外国為替証拠金取引における収入すべき時期は、反対売買により決済した時等によるとした事例
[所得税法][収入金額][収入すべき時期]に関する裁決事例(国税不服審判所)。
裁決事例(国税不服審判所)
2013/06/25 [所得税法][収入金額][収入すべき時期]《要旨》 請求人は、請求人が行った外国為替証拠金取引(本件各FX取引)により生じた利益及びスワップポイントについては、ロスカットを防止するため本件各FX取引の各取引口座から証拠金を出金することができなかったこと、また、本件各FX取引における未決済の取引については、評価損が評価益を上回っている状態にあったことから反対売買による差益を本件各FX取引の各取引口座から引き出す権利がなかったので、本件各FX取引については、本件各年分の年末において収入すべき金額が発生していない旨主張する。

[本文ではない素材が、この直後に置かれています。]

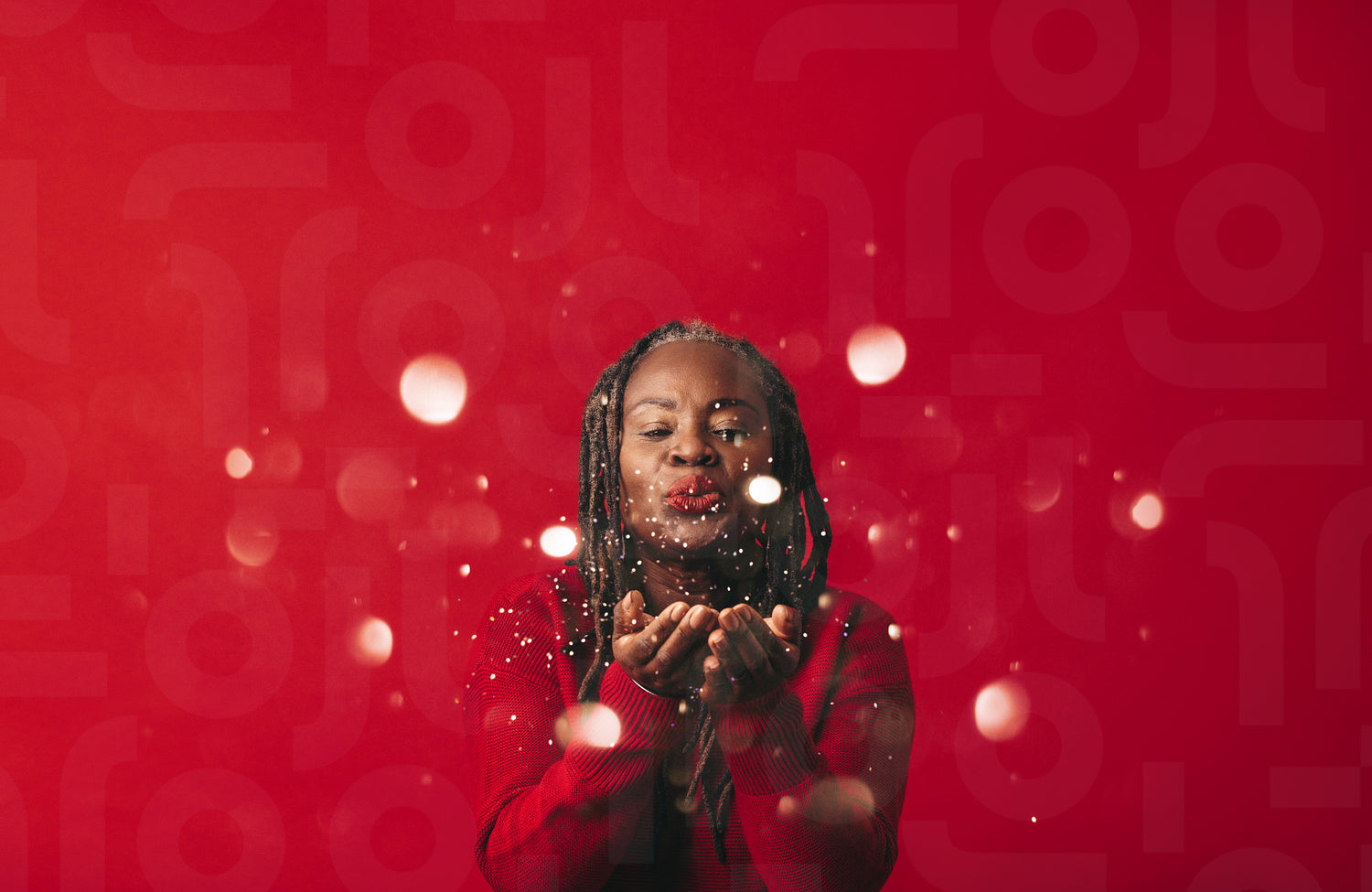 Happy black woman blowing confetti Into the air while standing against a red background. Mature woman with dreadlocks celebrating and having fun in a studio.

しかしながら、所得税法第36条《収入金額》第1項が、その年分の各種所得の金額の計算上収入金額とすべき金額又は総収入金額に算入すべき金額は、別段の定めがあるものを除き、その年において「収入すべき金額」とする旨規定しており、これは、現実に収入がない場合においても、その収入の原因となる権利が確定した場合、その時点で所得の実現があったものとして課税所得を計算するという、いわゆる権利確定主義を採用しているものと解されているところ、本件各FX取引におけるロスカットや請求人の出金可能額は、請求人と本件各FX取引の取引業者との間の取決めにすぎないから、本件各FX取引における反対売買による差損益及びスワップポイントについては、反対売買による決済をした時、又はロールオーバーがあった時に、それぞれ収入の原因となる権利が確定したこととなる。